The soy complex was mixed in Monday morning electronic trading. The nearby soybean contracts were mixed, while deferred futures rose significantly; the latter development was rather surprising given the production prospects for the 2013 U.S. crop. Meanwhile, weak Asian palm oil prices weighed upon the soyoil market, whereas old crop tightness once again seemed to support soymeal futures. August soybean futures inched up 0.25 cents to $14.325/bushel, while August soybean oil slid 0.23 cents to 46.91 cents/pound and August soymeal gained $3.2 to $431.8/ton.
Wheat futures were also mixed in early Monday trading. Actually, it was rather surprising to see signs of weakness, since considerable supportive news emerged over the weekend. For example, Japanese officials reportedly hope to restart their purchases of U.S. white wheat in August, and Russian analysts cut their forecasts for the forthcoming harvest due to drought. China also bought 120,000 tonnes of U.S. wheat and 300,000 tonnes of new crop Australian wheat lately. Ultimately, improving prospects for the domestic spring wheat crop may be weighing upon the Minneapolis market. September CBOT wheat rallied 1.25 cents to $6.6125/bushel early Monday morning, and September KCBT wheat climbed 2.5 cents to $6.8825, while September MGE futures skidded 0.25 cent to $7.6325.
Cattle futures ended last week on a steady note. The late-week gains were rather impressive when viewed within the context of Wednesday cash market weakness and the drop suffered by wholesale prices Friday afternoon. Anticipation of firm trading Friday afternoon and hopes that the traditional mid-year decline has run its course are probably supporting CME prices. August cattle closed unchanged at 121.95 cents/pound Friday afternoon, while December lost 0.15 cents to 128.10. Feeder futures climbed in response to corn market losses; the August contract surged 0.85 cents to 151.80 cents/pound, and November climbed 0.65 cents to 155.77.
Morning pork gains apparently boosted nearby hog futures Friday. The most-active August contract posted sizeable gains in response to a midsession report of strong wholesale gains, as well as to its discount to the CME lean hog index. Concerns about the second-half outlook seemed to keep a lid on deferred futures. Indeed, it would not be terribly surprising to see swine futures turn lower after the Friday afternoon pork report indicated a modest loss to end the week. August hog futures gained 0.90 cents to 97.75 cents/pound at its Friday settlement, while the December contract dropped 0.10 to 82.05.

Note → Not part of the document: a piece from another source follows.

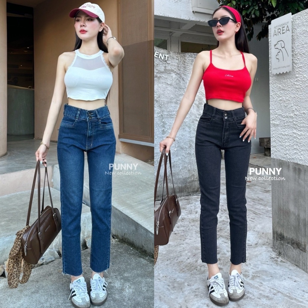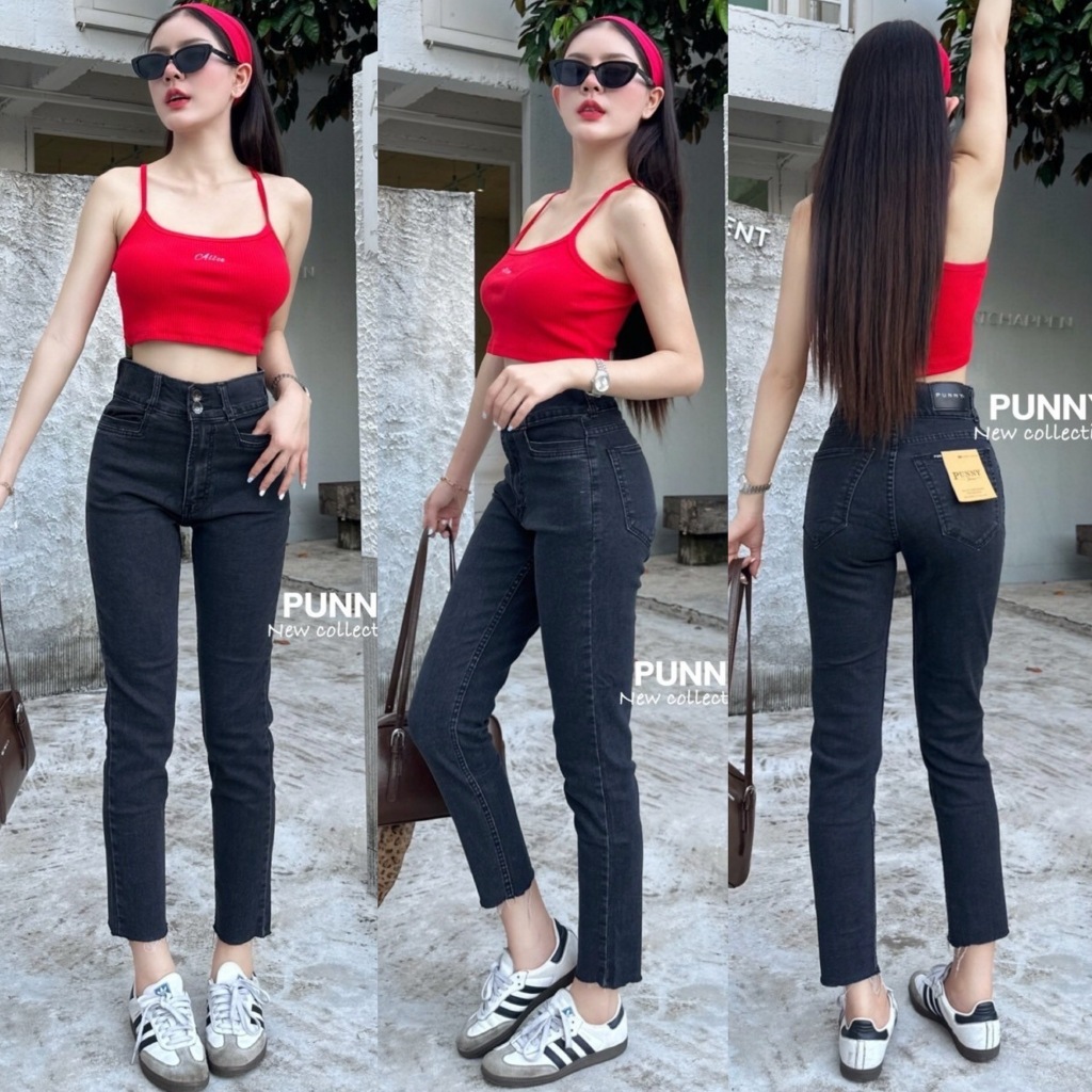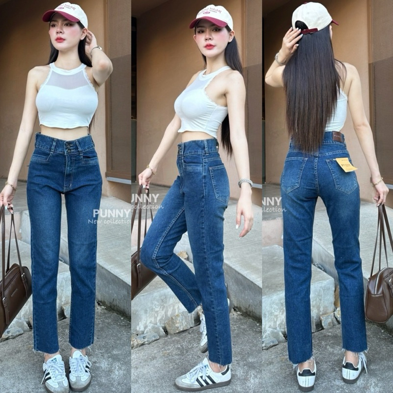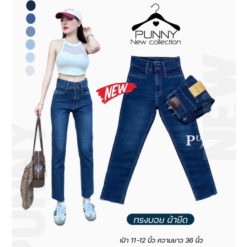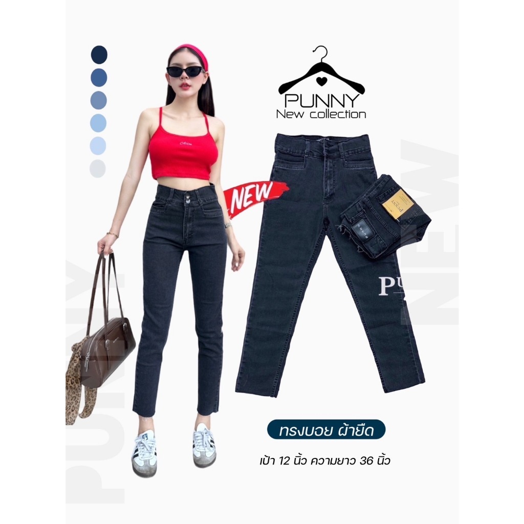 PUNNY Jeans กางเกงยีนส์ ทรงบอย ผ้านิ่มยืด

Financial markets and weather news are apparently driving the cotton market. For example, the big stock market gain posted last Friday was at least partially offset by the concurrent jump by the U.S. dollar. Rising equity index futures are apparently boosting the white fiber market early this week, with modest greenback slippage opening the door for further gains. However, bulls may have a hard time sustaining gains if the weather over Texas cotton fields proves as favorable over that predicted for the Corn Belt. October cotton edged up 0.11 cents to 86.54 cents/pound as the sun rose over New York Monday morning, while December advanced 0.22 cents to 85.25.